SOURCE RECORDS:
○ ○ ○ ○ ○
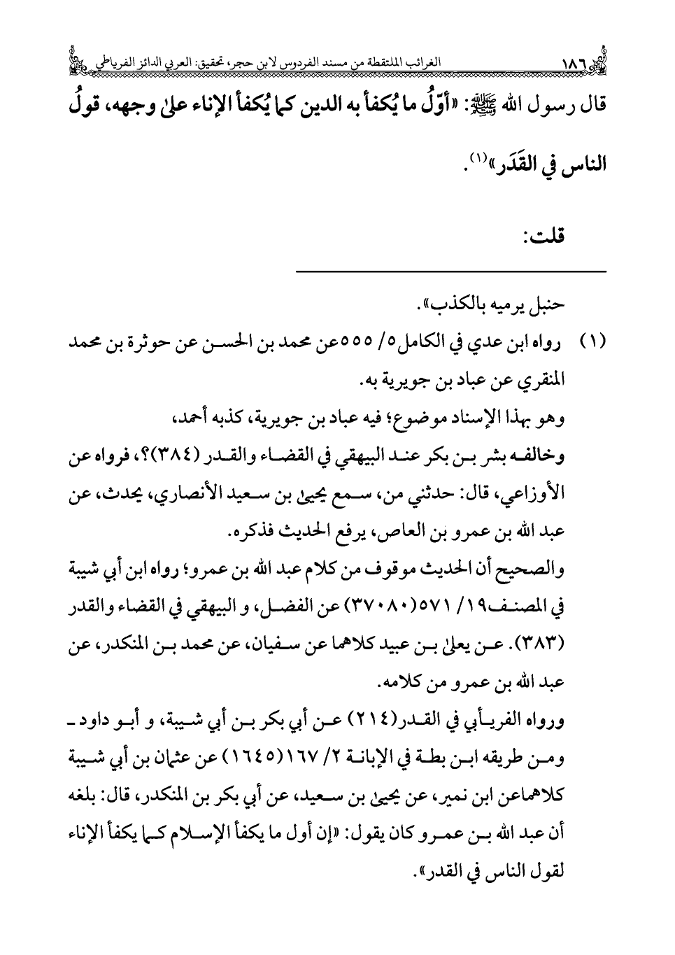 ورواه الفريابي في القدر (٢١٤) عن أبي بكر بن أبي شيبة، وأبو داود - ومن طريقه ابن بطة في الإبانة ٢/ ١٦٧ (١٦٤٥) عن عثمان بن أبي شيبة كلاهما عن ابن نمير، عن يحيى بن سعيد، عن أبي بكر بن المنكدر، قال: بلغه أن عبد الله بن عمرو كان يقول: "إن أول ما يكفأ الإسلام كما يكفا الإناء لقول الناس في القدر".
○ ○ ○ ○ ○
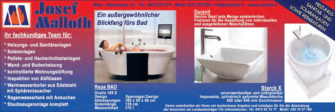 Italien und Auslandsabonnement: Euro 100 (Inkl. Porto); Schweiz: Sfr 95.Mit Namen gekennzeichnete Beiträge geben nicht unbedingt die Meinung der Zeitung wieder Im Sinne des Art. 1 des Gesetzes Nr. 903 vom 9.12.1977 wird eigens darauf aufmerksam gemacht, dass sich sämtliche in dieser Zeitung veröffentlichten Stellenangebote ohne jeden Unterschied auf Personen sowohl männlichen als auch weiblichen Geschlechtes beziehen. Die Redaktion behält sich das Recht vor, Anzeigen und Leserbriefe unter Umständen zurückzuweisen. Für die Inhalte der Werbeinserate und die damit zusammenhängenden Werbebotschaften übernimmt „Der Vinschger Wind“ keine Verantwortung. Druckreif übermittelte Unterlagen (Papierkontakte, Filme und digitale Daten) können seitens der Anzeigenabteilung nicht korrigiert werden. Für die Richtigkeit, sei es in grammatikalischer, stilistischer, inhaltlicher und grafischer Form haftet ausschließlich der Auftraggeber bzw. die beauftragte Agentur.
○ ○ ○ ○ ○
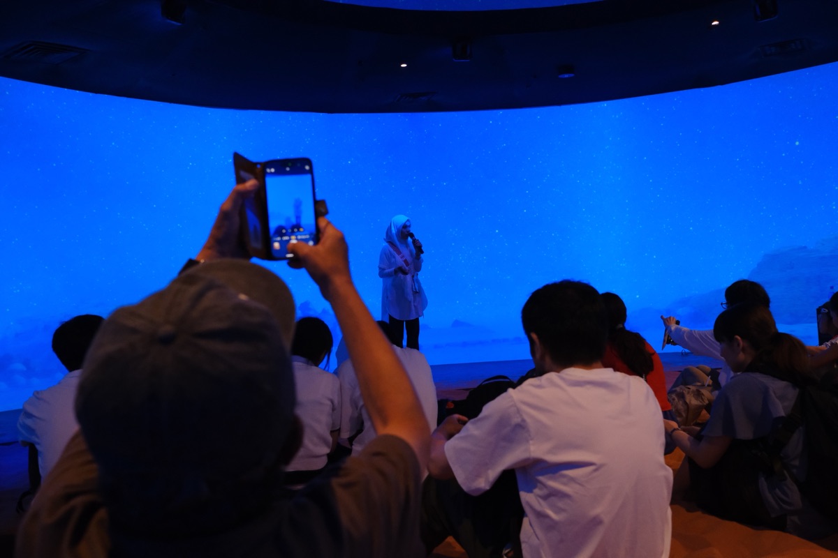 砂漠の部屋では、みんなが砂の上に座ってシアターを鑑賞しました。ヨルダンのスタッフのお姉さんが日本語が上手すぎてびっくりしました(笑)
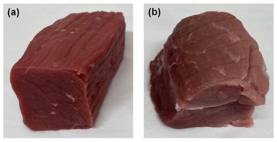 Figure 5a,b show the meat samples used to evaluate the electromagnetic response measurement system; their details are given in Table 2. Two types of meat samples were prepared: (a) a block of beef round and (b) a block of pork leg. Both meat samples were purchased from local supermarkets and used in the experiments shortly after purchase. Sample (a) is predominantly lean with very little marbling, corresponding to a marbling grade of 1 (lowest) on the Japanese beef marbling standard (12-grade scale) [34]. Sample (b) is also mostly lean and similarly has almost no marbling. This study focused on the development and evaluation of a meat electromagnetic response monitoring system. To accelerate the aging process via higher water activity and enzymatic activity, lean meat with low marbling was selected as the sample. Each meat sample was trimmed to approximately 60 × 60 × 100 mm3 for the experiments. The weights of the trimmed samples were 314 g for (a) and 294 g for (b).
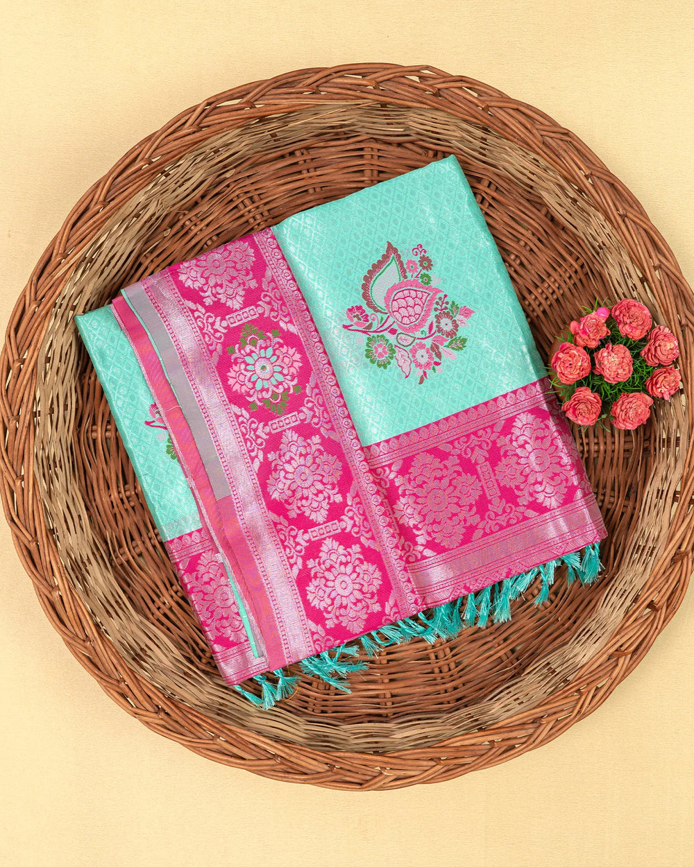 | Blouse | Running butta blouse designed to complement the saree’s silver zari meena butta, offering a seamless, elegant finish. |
○ ○ ○ ○ ○
TASK ITEM: Having found the line with "砂漠の部屋では、みんなが砂の" and the line with "elegant finish. |" in the material above, write out exactly those two and every line between, leaving the pictures out.

TASK RESPONSE:
 砂漠の部屋では、みんなが砂の上に座ってシアターを鑑賞しました。ヨルダンのスタッフのお姉さんが日本語が上手すぎてびっくりしました(笑)
 Figure 5a,b show the meat samples used to evaluate the electromagnetic response measurement system; their details are given in Table 2. Two types of meat samples were prepared: (a) a block of beef round and (b) a block of pork leg. Both meat samples were purchased from local supermarkets and used in the experiments shortly after purchase. Sample (a) is predominantly lean with very little marbling, corresponding to a marbling grade of 1 (lowest) on the Japanese beef marbling standard (12-grade scale) [34]. Sample (b) is also mostly lean and similarly has almost no marbling. This study focused on the development and evaluation of a meat electromagnetic response monitoring system. To accelerate the aging process via higher water activity and enzymatic activity, lean meat with low marbling was selected as the sample. Each meat sample was trimmed to approximately 60 × 60 × 100 mm3 for the experiments. The weights of the trimmed samples were 314 g for (a) and 294 g for (b).
 | Blouse | Running butta blouse designed to complement the saree’s silver zari meena butta, offering a seamless, elegant finish. |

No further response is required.